[Start of section]

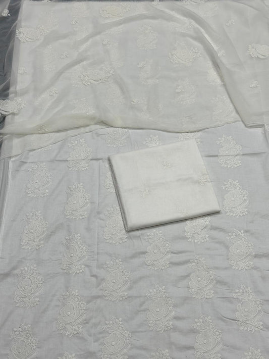 lawn 3 piece Allover embroidered shirt Crinkle chiffon dupatta (2.75 yards) Plain same color lawn...
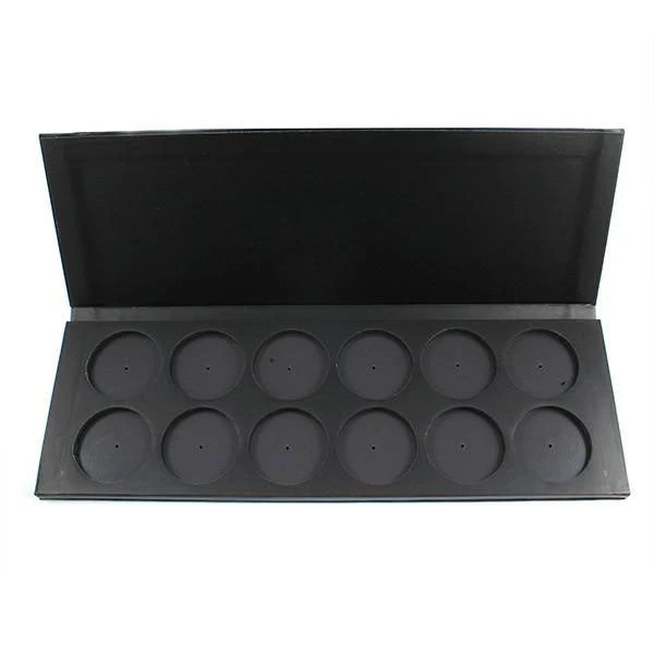 Slim, lightweight, black 12-pan empty blush palette. Standard industry size, will fit all standard blushes. Easy to rearrange with access via small pin hole at the bottom of each color.
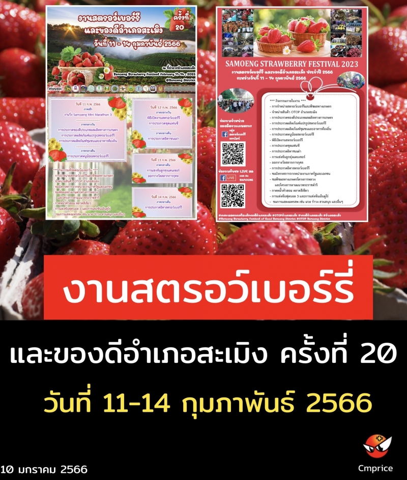 | • งานสตรอว์เบอร์รี่และของดีอำเภอสะเมิง ครั้งที่ 20 ระหว่างวันที่ 11-14 กุมภาพันธ์ 2566 |

[End of section]

Repeat the listing above exactly, omitting the pictures it contains.

OUTPUT OF THE EXERCISE:
 lawn 3 piece Allover embroidered shirt Crinkle chiffon dupatta (2.75 yards) Plain same color lawn...
 Slim, lightweight, black 12-pan empty blush palette. Standard industry size, will fit all standard blushes. Easy to rearrange with access via small pin hole at the bottom of each color.
 | • งานสตรอว์เบอร์รี่และของดีอำเภอสะเมิง ครั้งที่ 20 ระหว่างวันที่ 11-14 กุมภาพันธ์ 2566 |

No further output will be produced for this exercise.